Looking to prioritize marriage even after having kids? Read these helpful tips to help you cultivate a healthy marriage.
Finding ways to prioritize marriage after having kids is definitely not the easiest thing in the world. It takes hard work and a decision to choose to be intentional. Some days it will be harder than others, but it is worth it. There is not a single perfect way to do marriage. There are no perfect marriages. Yet, there are ways you can cultivate a healthy marriage as you choose to prioritize marriage.
Ways to Prioritize Marriage after Having Kids
Say thank you.
As your life gets busier, the little things can often go overlooked. In the tiredness of everyday life, it can be easier to focus on the negative over the positive. Personally, I know I have fallen prone to this. There were seasons where all I seemed to focus on was the negative, all while I was missing out on the positive!
When I continued to nag, it did not help us build a healthy marriage. However, when I started to say thank you for the little and the big things, I started to realize a change in our marriage.
Your action step: Say thank you today to your spouse. If he brings out the garbage, say thank you. If he brings in the mail, say thank you. Say thank you and mean it and watch it start to transform your marriage.
Spend time together, without the kids.
This is vital to a healthy marriage. The key is the time must be without the kids. I often remind moms that one day, our kids are going to grow up and move away. Then it is just you and your husband. Do you want to be strangers then? No, you do not! This season can be so sweet, when you cultivate your marriage along the way. In order to do this, you have to spend time together, without the kids.

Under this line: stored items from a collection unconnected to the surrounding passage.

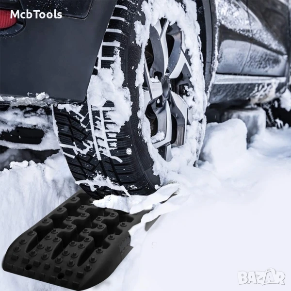 - Комплект от 2бр подложки постелки против буксуване за автомобилни гуми за допълнително сцепление.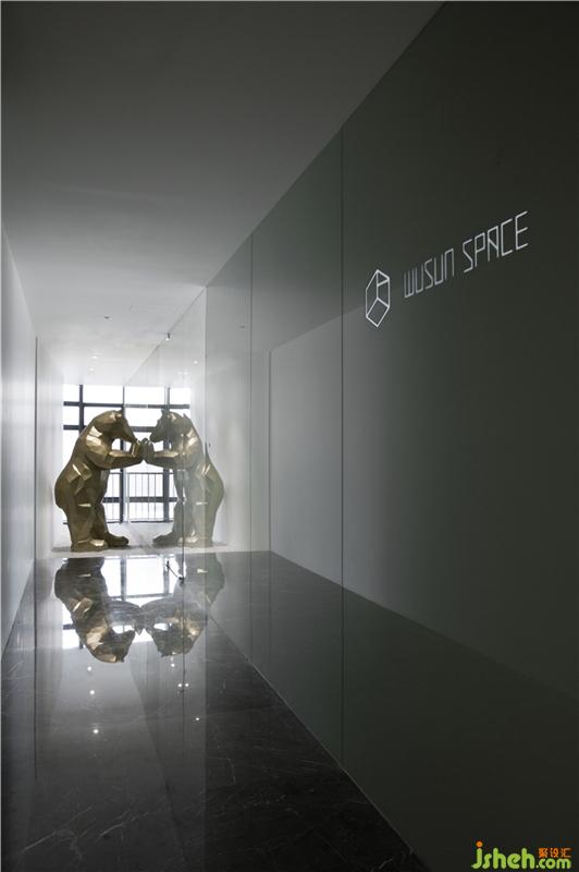 一道光门,隔开了外界的纷扰,拾阶而上,映入眼帘的是一头金色的熊趴在玻璃上向内窥望,这是致敬艺术家Lawrence Argent在美国Denver Convertion Center创作的蓝熊,它的趣味性打破了走廊的单调。办公室设计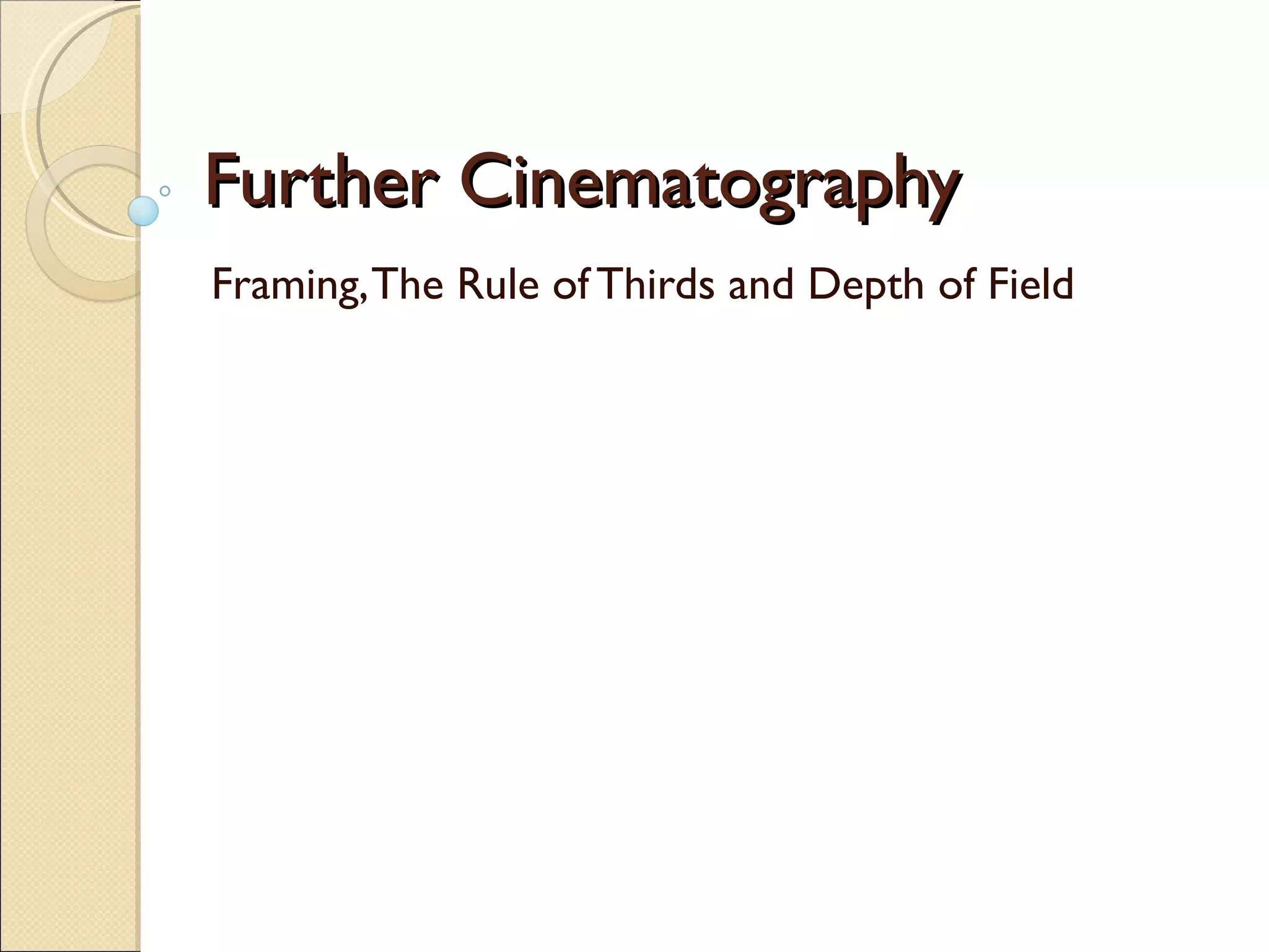 The document discusses various cinematography techniques including framing, the rule of thirds, depth of field, and their effects on conveying meaning. It explains how character positioning within a frame can indicate their status, power, and personality. Shots from higher or left angles are usually more dominant. Depth of field refers to what is in focus in the foreground, middle ground, and background and how this directs viewer attention. Examples are provided of different depth of field techniques and their purposes.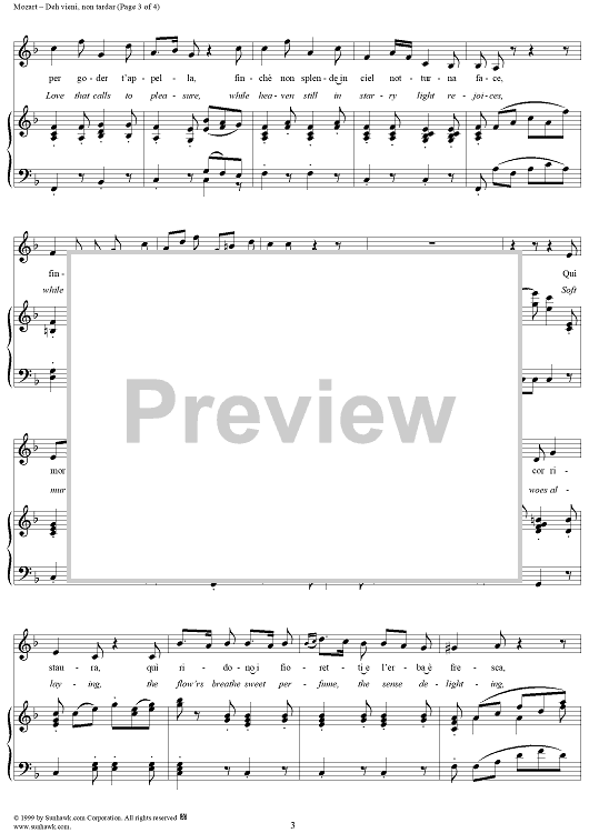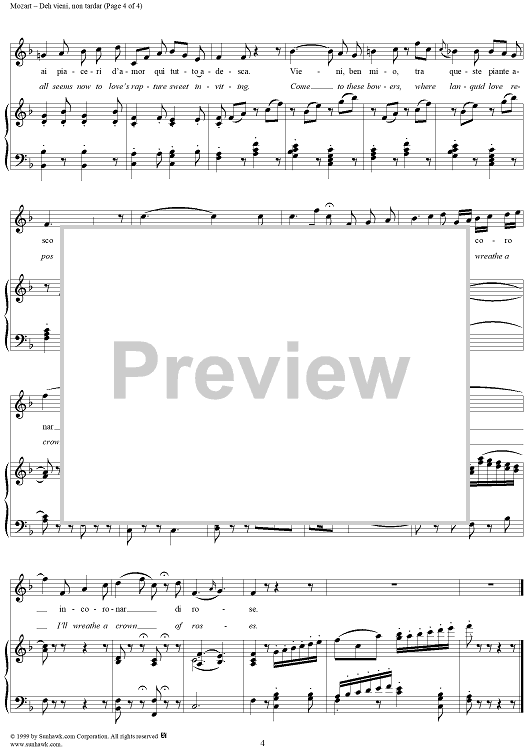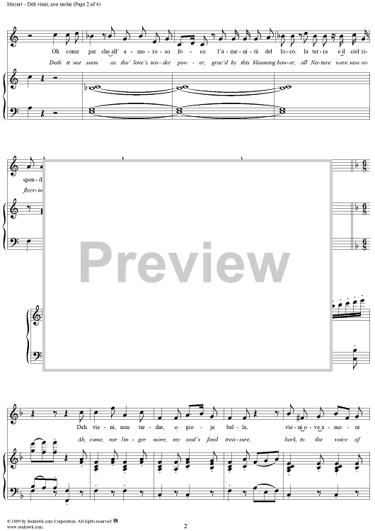 Digital Sheet Music for Deh vieni, non tardar - From "Le Nozze di Figaro" by Wolfgang Amadeus Mozart scored for Voice/Piano; id:254372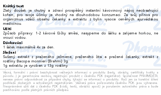 Zlatý doušek je chutný a zdraví prospěšný instantní kávovinový nápoj neobsahující kofein, pro svoje účinky je vhodný na dlouhodobou konzumaci. Za svůj přínos pro organizmus vděčí obsahu čekanky a extraktu z bylin vysoce ceněných ajurvédskou medicínou.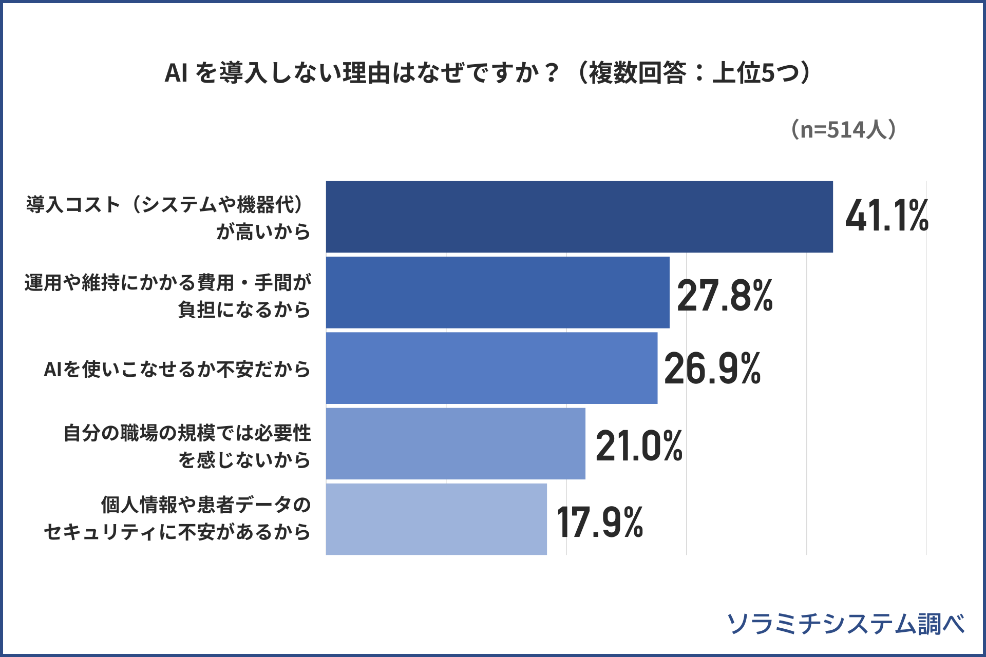 一方、「導入していない」と回答した人の理由(複数回答)としては、「導入コスト(システムや機器代)が高いから」41.1%が最も多く、「運用や維持にかかる費用・手間が負担になるから」27.8%、「AIを使いこなせるか不安だから」26.9%と続き、主にコストや運用負担、リテラシー面での不安が導入の壁となっている現状が明らかになりました。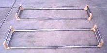組立て4: 最後に先ほどのパイプをはめていきます。このバーではイレクターが固定されていますので容易だと思いますが、ややこしい場合はこの時少しジョイントの位置をずらしながら叩き込みます。最後にもう一度全体のゆがみを見て必要なら修正して下さい。これで完成です。 |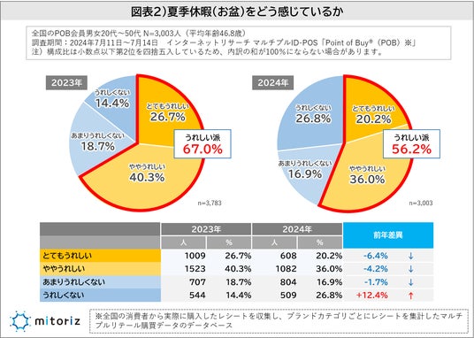 ・夏季休暇を“うれしい”と感じている人は56.2%で2023年の67.0%から10%のマイナス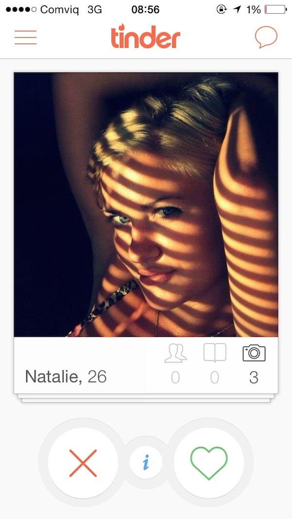 Aplikácia Tinder je zábavný spôsob, ako sa spojiť s novými a zaujímavými ľuďmi vo vašom okolí. Tinder vám ponúka fotografie rovnakého pohlavia (alebo vami zvoleného) a vy sa jednoduchým gestom „foto slide“ doľava alebo doprava rozhodnete, či sa vám daný človek páči alebo nie. Ak vám niekto „lajkuje“ späť, potom to aplikácia nazýva „zápas“. Čo vám otvára nové príležitosti na preposielanie správ a vytvára príležitosti na ďalšie. Málokedy sa aplikácii podarí zrkadliť skutočný život, v ktorom si prvý dojem o niekom vytvoríme naozaj rýchlo.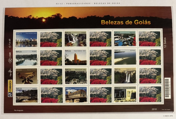 • 2010 - Comemorativo. Selos Personalizados. Belezas de Goiás, FOLHA, 12 selos + 12 vinhetas, Conjunto C3076 CJ (vide foto), mint (360 UF).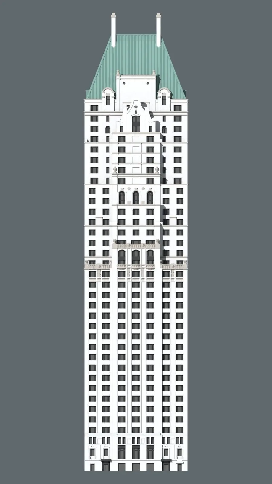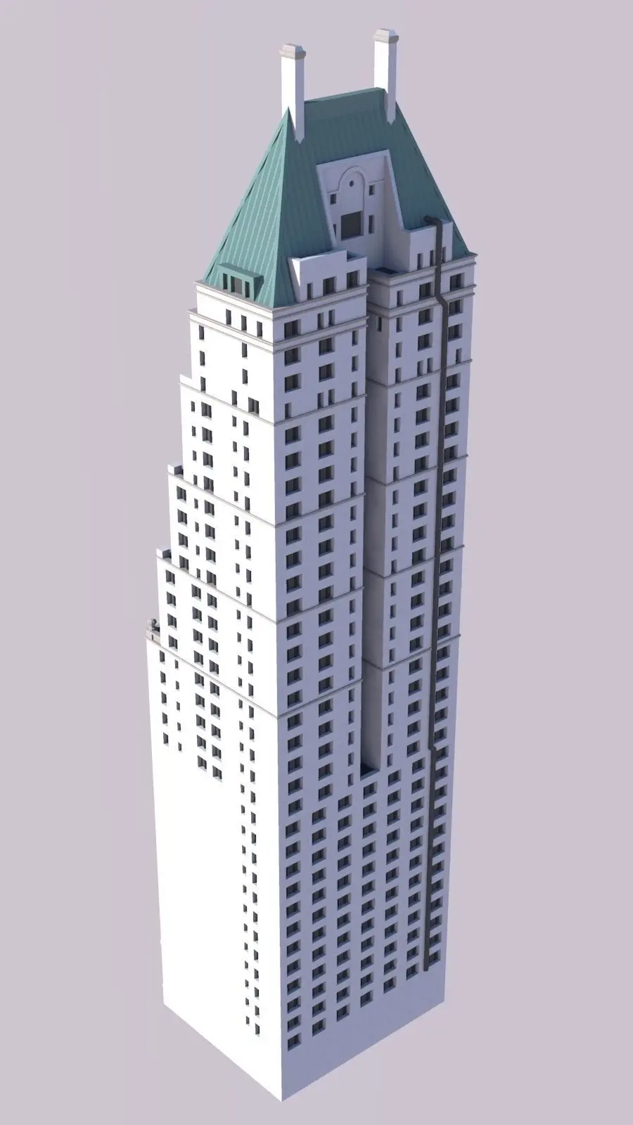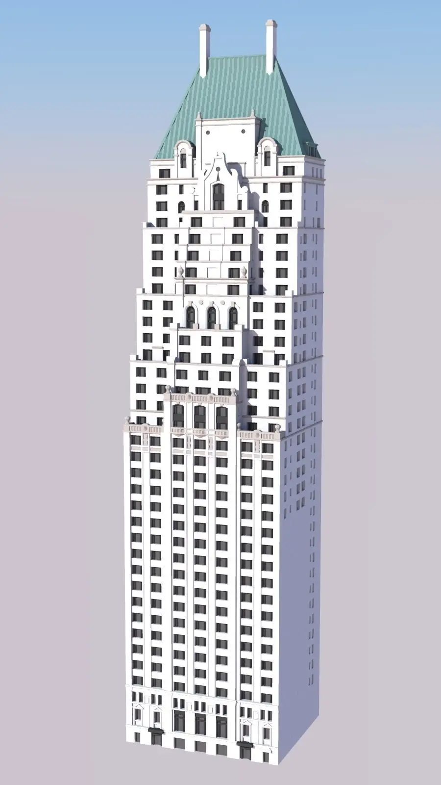 The Hampshire House is a 469ft (143m) tall skyscraper in New York City. Situated directly on the southern edge of Manhattan's Central Park, the building stands in an exceptionally prominent location. Its many setbacks, typical of the era, and its large pyramidal copper roof make it a widely recognized landmark of the city. The building, whose style may be roughly described as French-Renaissance Revival with several other classical ornaments, was completed in 1938. The building's design, by Caughey & Evans, was inspired by the nearby Savoy Plaza Hotel, which has since been demolished.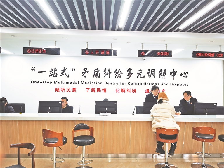 呼兰区委政法委副书记隋洋介绍,自2023年8月“三中心”运行以来,整合公安、司法行政、法院、城管、群团等27个部门,设立12个综合服务窗口和共享调解、诉调对接、心理咨询、巡回法庭等功能室,实现群众反映矛盾诉求只进一扇门、最多跑一地,形成“一平台受理、一站式服务、一张网共治、一揽子解决”机制。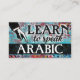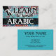Colourful arty Learn To Speak Arabic business cards in turquoise, aqua, red, yellow. Arabic language Instruction business cards.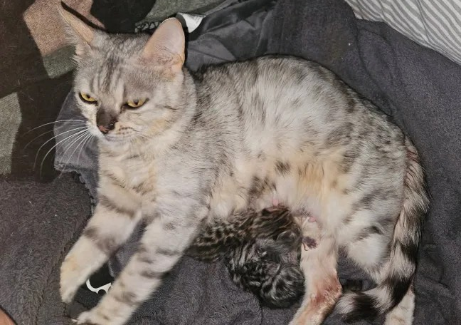 Tout le monde va bien et Tabou s’occupe de ses petits avec beaucoup d’amour et de ronrons !

I know it can be hard to leave the kids, especially when they are younger, but this is such a good way to prioritize marriage. Some seasons your date nights may be at home after the kids are in bed and other date nights may be actually going out on the town. Do what works best for your current season.
Your action step: Plan regular date nights with your spouse.
Surprise your spouse.
I love to surprise my kids by making their favorite foods and just doing all of the things to bring them joy. Recently, I was thinking about how before kids that I would do these things for my husband. I would make his favorite meals, leave him a note, send him a text to check on his day. I realized that I needed to get back to doing these things for my husband.
Your action step: Do something special just for your husband.
Communicate with each other.
Without communication, you cannot have a healthy marriage. My husband often reminds me that he cannot read my mind. I have to tell him things. I know it can be hard sometimes to even have a simple conversation when you are shuttling kids to different places or balancing a baby and a toddler. You will have to be extremely intentional in this area
Your action step: Make communication a priority in your marriage. Do a daily check in. Talk about your high and low from the day. This can be a time where you talk right after work, after dinner, or once the kids are in bed. It is important your kids see you and your husband communicating in a healthy way, so make sure you do communicate in front of the kids as well!
See the beauty in the ordinary.
Yes, some days are going to be extraordinary. But a lot of days are ordinary. There are bills to be paid, doctor visits, sick kids, soccer practices, helping kids with homework, etc. However, there is incredible beauty in the ordinary if you start to look for it.
Your action step: Choose to look for the beauty in the ordinary. Find ways to laugh together even in the ordinary.
How can you choose to prioritize marriage today? As you step forward in cultivating your marriage, remember love is a choice. Daily we have to choose to love, even when it is hard, even when you are tired and annoyed. Some seasons are really hard but as we choose to be intentional through these seasons, God will bring about a new season.